Dans le chaos des courses-poursuites, on les a perdus de vue. Par après, j’ai essayé de m’informer de leur sort mais n’en ai même plus entendu ouï dire. Ont-ils été coupés dans les mêlées, ont-ils réussi à s’échapper et à regagner leur région natale ? Personne ne sait. En tout cas, à la fin, on a fini à vingt survivants dans la forêt, et ils n’étaient pas de ceux-là. »
Ces trois ouvriers agricoles sont des Justes inconnus qui représentent sans doute d’autres anonymes.
Et les Justes encore en vie, qui et où sont-ils ? En vérité, après de nombreuses visites et recherches, nous n’en avons pas encore rencontré sur les trois collines de Kibungo, N’tarama ou Kanzenze. Aussi vais-je plutôt évoquer des gens dignes. Ibrahim Nsengiyumua, un prospère négociant de Kibungo, qui paie amende sur amende pour ne pas tuer ni piller, au point de se ruiner « parce qu’il avait amassé assez de richesses dans son existence pour ne pas la gâcher de sang », explique Innocent.
Valérie Nyirarudodo, qui sort de la maternité avec un enfant en plus des siens. Une maman, domiciliée dans une maison au pied de la forêt de Kayumba, qui gifle ses enfants parce qu’ils dénoncent des Tutsis dissimulés dans une broussaille. De nombreuses personnes qui, selon l’expression de Christine Nyiransabimana, une jeune cultivatrice, « pouvaient bien feindre, paresser loin à l’arrière et revenir le soir sans avoir sali la machette… mais devaient se montrer derrière le groupe ».
Pour finir, mentionnons le cas particulier de conjoints de mariages mixtes, qui sauvent une épouse et quelques parents, malgré une impitoyable sanction. Au contraire de l’administration nazie, qui en général classait les conjoints juifs de mariage mixte d’après leur confession et instruction, juive ou chrétienne, et décidait de leur sort sur ce critère, l’administration d’Habyarimana applique une règle plus simpliste et sexiste. Les maris tutsis doivent être exécutés, et ils le sont sans exception. Les épouses tutsies peuvent être épargnées, avec elles parfois leurs enfants, si toutefois leurs maris hutus acceptent des conditions que résume ainsi Jean-Baptiste Murangira : « … des femmes tutsies possédées par des Hutus misérables devaient être tuées, mais leurs enfants pouvaient être sauvés. Des femmes tutsies possédées par des Hutus nantis comme il faut pouvaient être préservées si toutefois les maris se présentaient bien visibles dans des corvées de tueries… »

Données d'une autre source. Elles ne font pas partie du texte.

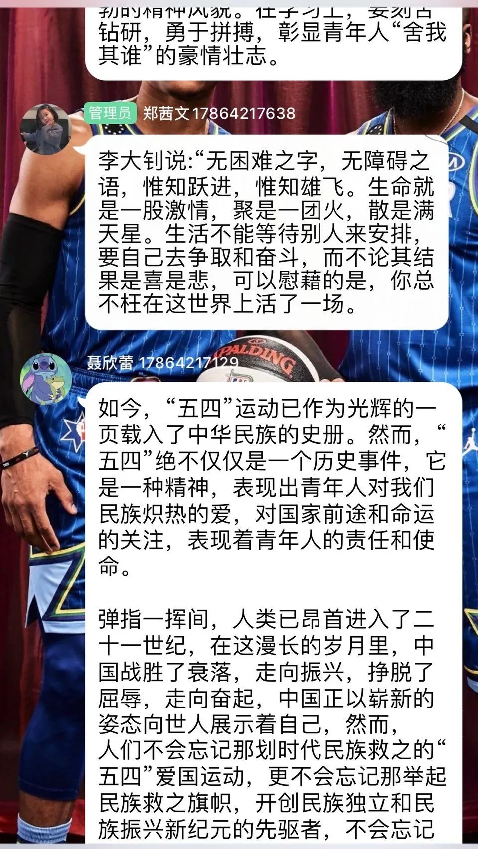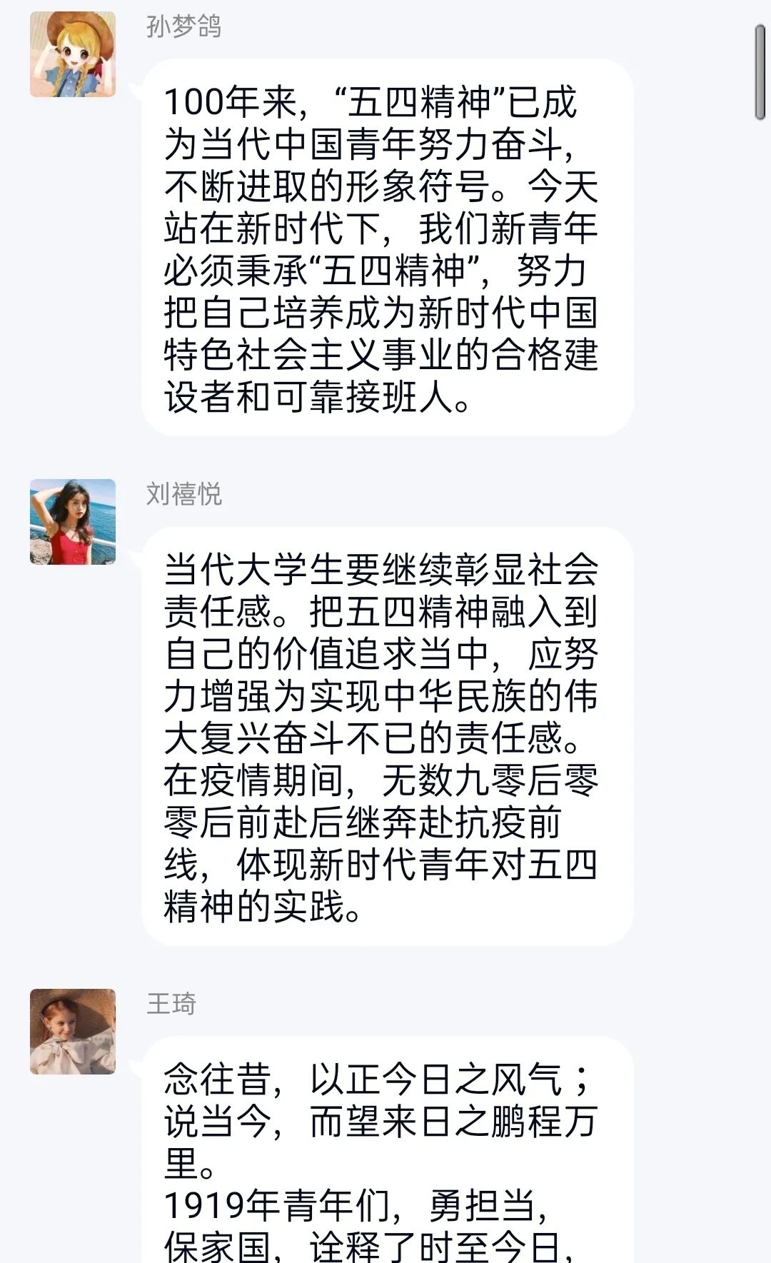 周恩来总理说过:“青春是奋斗最亮的底色,青春理想、青春活力、青春奋斗是中国精神和中国力量的生命力所在。”青春如初春,如朝阳,如百卉之萌动,如利刃之新发。在五四青年节到来之际,开云kaiyun官方网站2019级各班积极响应院系要求,在五月一号开展了“传承五四精神,弘扬时代先锋”主题班会活动。
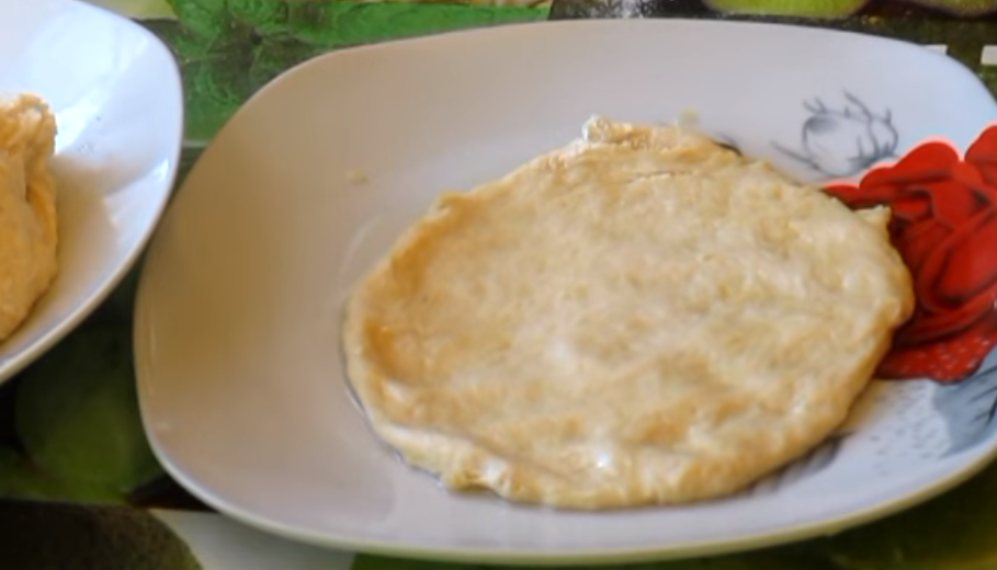6. Отщипываем от теста кусочек размером с яйцо или чуть больше и разминаем его в лепешку толщиной приблизительно в 1 сантиметр.

Ainsi l’agent recenseur Jean-Baptiste Murangira sauve son épouse Spéciose Mukandahunga, le juge Jean-Baptiste Ntarwandya sauve son épouse Drocelle Umupfasoni, l’adjudant-chef à la retraite Marc Nsabimana sauve son épouse Annonciata Mukaligo, le directeur de la Poste et quelques autres notables ou cultivateurs prospères protègent leurs femmes respectives. Le premier, à la suite d’aveux spontanés sur « des corvées de tueries », est condamné à la prison. Le deuxième, après deux années d’emprisonnement, est relaxé sur la foi de témoignages amicaux. Son dossier est classé, mais il n’a pas réintégré son bureau au parquet. Le troisième, convoqué plusieurs fois au tribunal et cité dans plusieurs procès, n’est pas poursuivi à ce jour. Qu’ils avouent ou nient, tous trois se montrent peu diserts sur leur comportement à l’époque du génocide et ne revendiquent aucune gratitude publique.